Her skin didn’t fit right over her bones, nothing about the situation tallied, she felt uneasy and out of place.

Warren’s smile remained, but all trace of humor had vanished from it.

She wished she hadn’t eaten so much; her stomach began to churn.

His continuing silence compelled her to fill it.

“Nothing’s happened,” she said, realizing that she’d instantly made herself sound guilty.

“But I think it maybe could.” Why was she still talking?

“And it wouldn’t have felt right to let things go any further with us.

B-but I never lied to you.” She couldn’t think straight. A buzzing had started up in her ears.

He nodded and dropped her hand. Then he barked out a laugh and looked up at the sky. “I thought as much.”

His voice was calm, but a familiar panic began to rise up through her body, and she grasped for anything she could say to defuse the situation.

She swallowed. “You called it off, Warren. Ryan has no bearing on anything.”

He continued his silence, staring at something just above her head. She was starting to feel dizzy; a band was tightening around her chest.

“Please, Warren, I’d like us to part as friends.”

Warren was shaking his head slowly, the universal sign of disappointment. “Sure. Whatever. You’re right. Forget it, I was being oversensitive. Jesus, look at the state of you, you’re freaking out!”

Her heart pounded; she couldn’t make it slow down.

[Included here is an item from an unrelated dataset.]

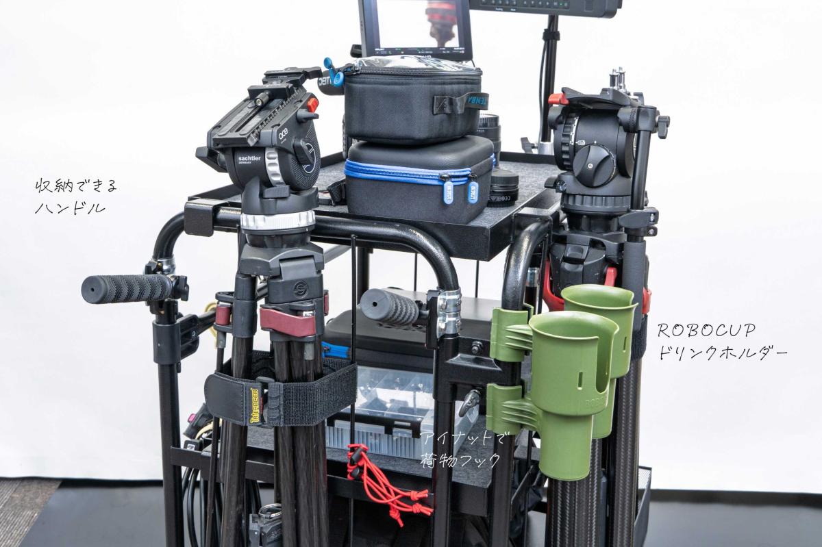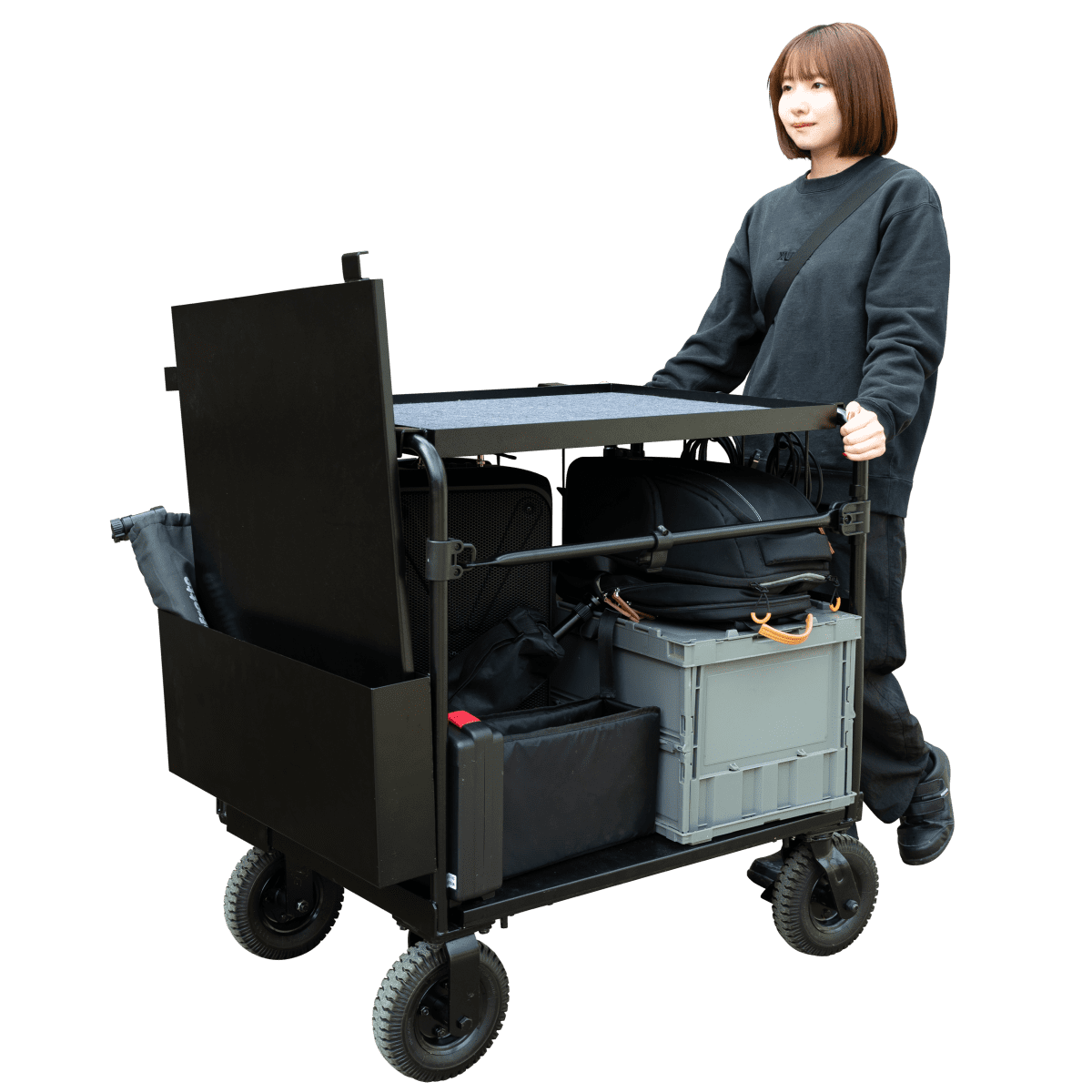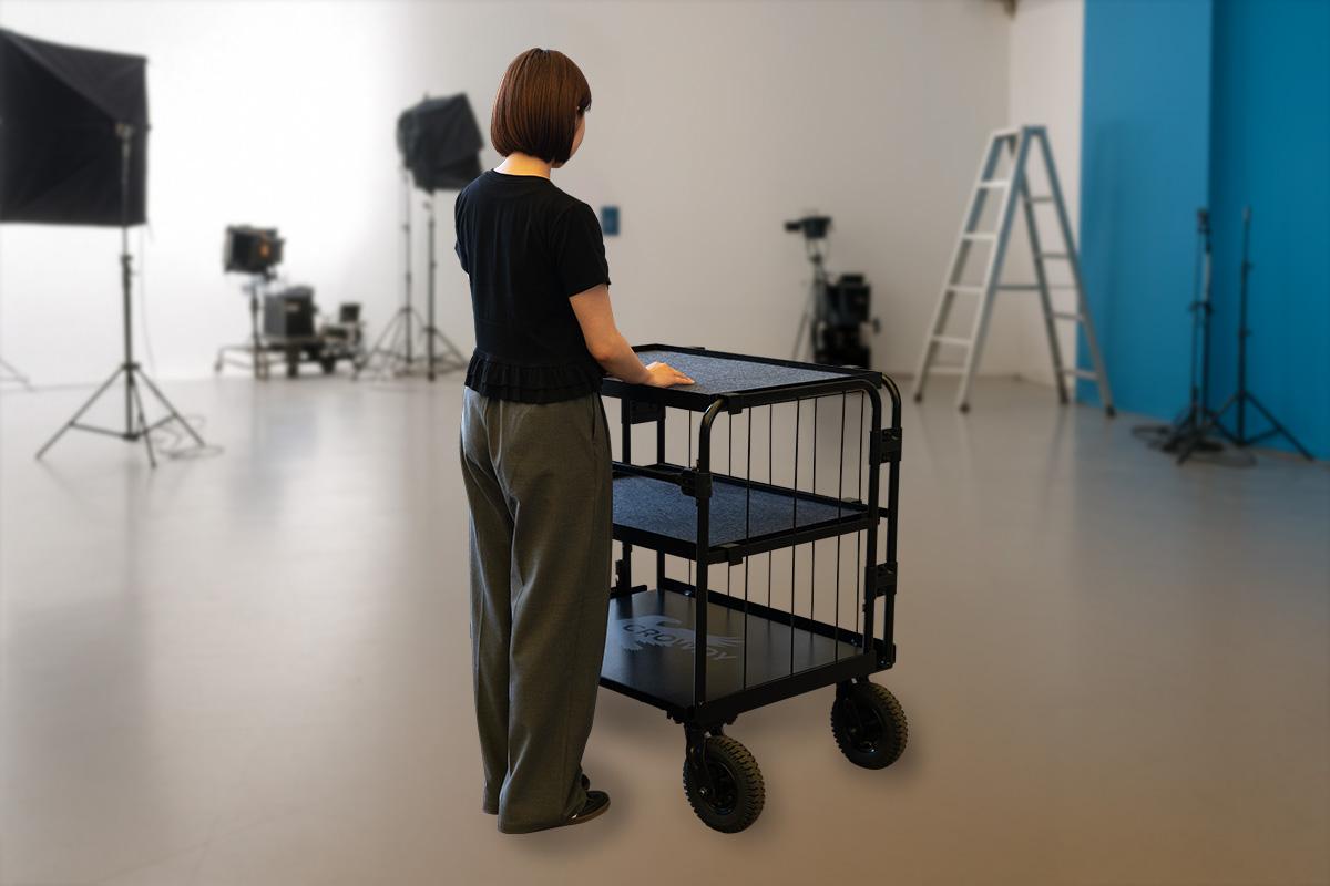 映像業界、音響業界、撮影現場のプロフェッショナルに向けて開発された、目立たないことで価値を提供する画期的なカゴ台車です。

“Come on now”—his voice was smooth and placating—“I don’t want us to part on bad terms. We’ve had a nice time, let’s not spoil it. I’m sorry if I made you feel bad. I’m sorry. You’re sorry. It’s forgotten. Yeah?” He used his index finger beneath her chin to gently tilt her face up to his.

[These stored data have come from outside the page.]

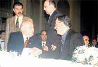 Cumhurbaşkanı Demirel ile Kemal Sunal Yavuz Donat'ın oğlu Tufan Donat ile Ebru Çetinyurt'un düğününde nikah şahitleri olarak aynı masaya oturdular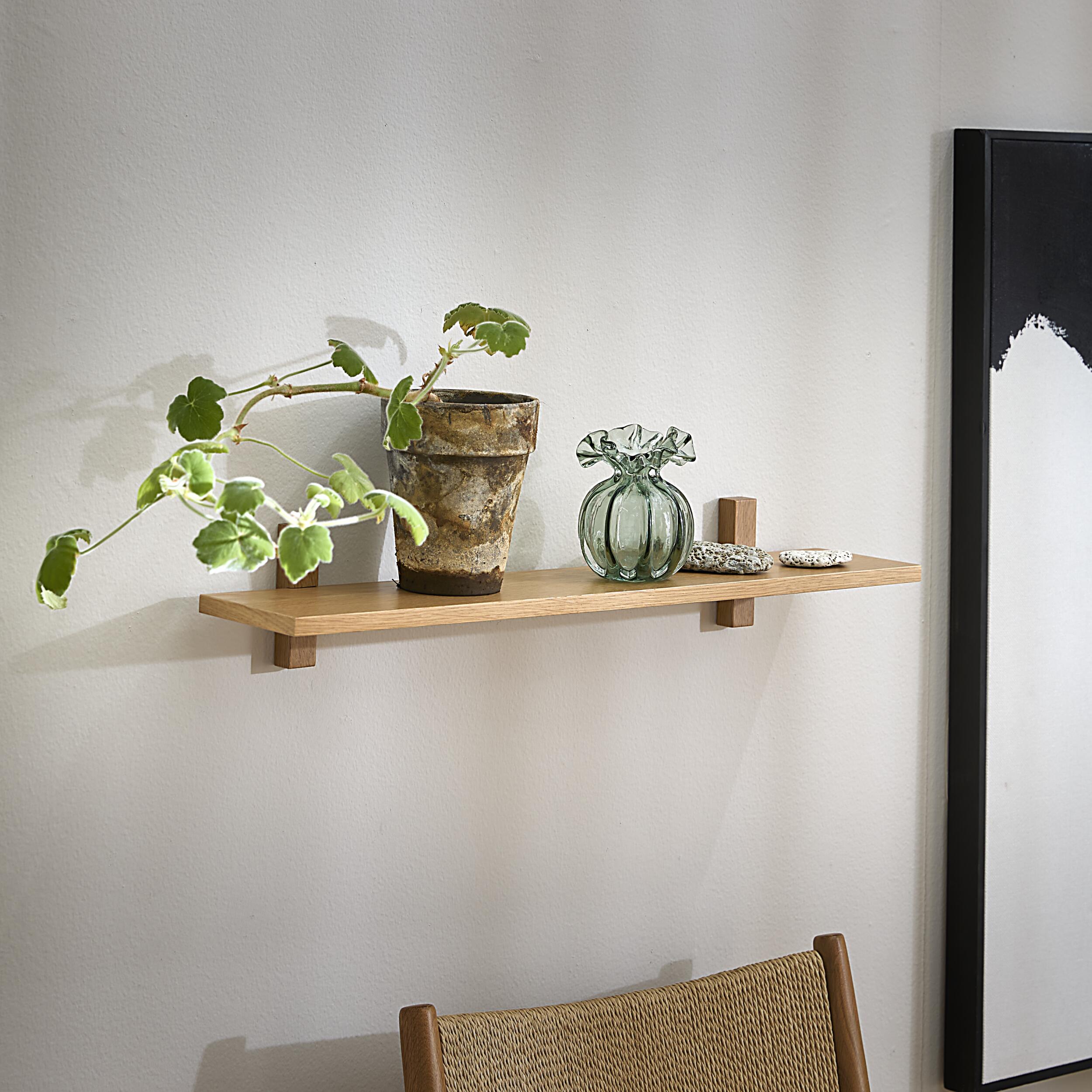 Liten vägghylla med ett enkelt och harmoniskt uttryck där den lätta designen ger plats för både förvaring och dekoration. Hyllplanet är i mattlackad ekfanér och bärs upp av slanka gavlar i mattlackad massiv ek. En funktionell lösning med maxbelastning på 5 kg.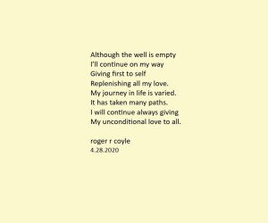 Some call me son, brother, godfather, cousin, uncle, writer, author, veteran, and friend. That may be true, but mostly I am me - a unique human being who has run the race of life through many different forests, down many roaring rivers and along some tangled paths. All in all it has been a good journey of growth and expansion of self. I am a lover of family, animals, food, laughs, poetry, books, compassionate people and chasing the light. My first journey into writing is Quiet Thoughts: Written Reflections. It is a book of poems and reflections - a small flicker of light into my life journey. I currently reside in Emmaus, PA and enjoy all that the Lehigh Valley has to offer. View all posts by rogerrcoyle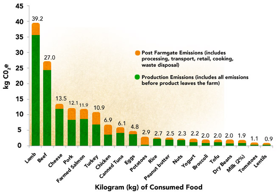 About a quarter of greenhouse gas emissions come from agriculture. First, here’s the hierarchy of meats (well, proteins) in terms of impact on the environment: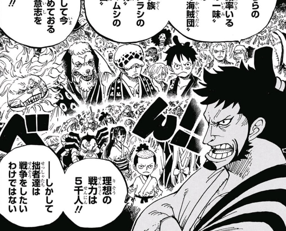 - ↑ One Piece manga — Vol. 95 Capítulo 954 (p. 16-17), Kaidou y Big Mom se alían.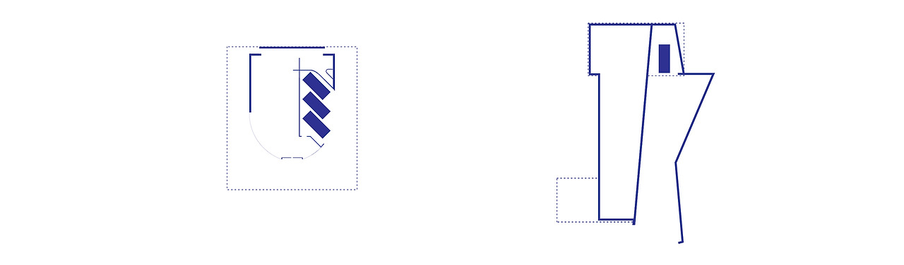 사각형 안에서 대각선을 비우면 가장 장방향의 대각선 공간을 확보하면서 주어진 범위의 공간을 가장 넓게 사용할 수 있습니다. 이 시도는 빌라 사보아에서도 보입니다. 그리고 빌라 달라바에도 하나의 긴 벽에 두 볼륨이 나눠지면서 대각선의 시각적 교류를 생성한 것을 알 수 있습니다.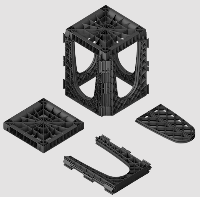RootSpace provides a structural framework that protects soil from compaction while supporting pavement loads above. With more than 95% void space, the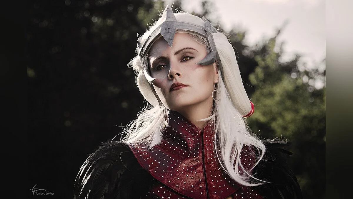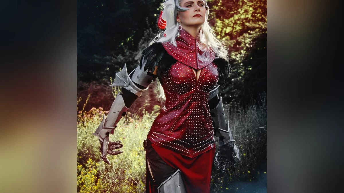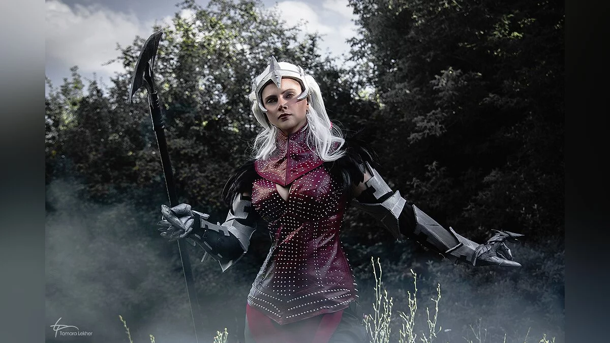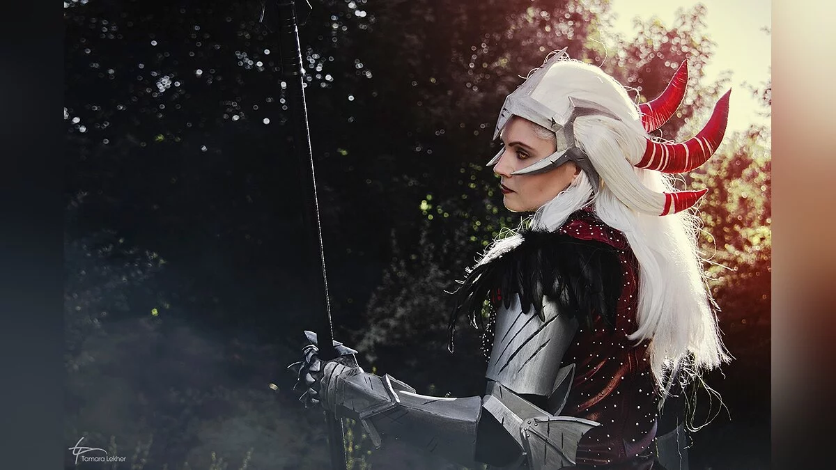 Мне запомнился образ Флемет во второй части Dragon Age, хотя она там появлялась только в одной сцене. Я долгое время не решалась сделать ее костюм — у него слишком сложный парик и доспех. Однако в итоге наряд Флемет стал своего рода челленджем для меня. С которым я справилась.

Fred used every ounce of her strength to force her face into a bright smile and make herself say, “Of course!”

Warren bent to kiss her cheek, and she just kept on smiling.

“Good,” he said, and then he let out a wistful sigh. “If only our timing was better. I could’ve fallen hard for you, Fredricka Hallow-Hart.” He kissed her other cheek. “Bye.”

“Bye,” she parroted.

He turned and walked into the pub, without a backward glance, and she tried to convince her knees that they wanted to hold her up. When the door swished shut behind him, she forced herself to move.

“Freddie?” someone called over from one of the benches. “Are you all right, love?”

Fred waved stiffly to them, her rictus smile still in place, and then she turned and ran.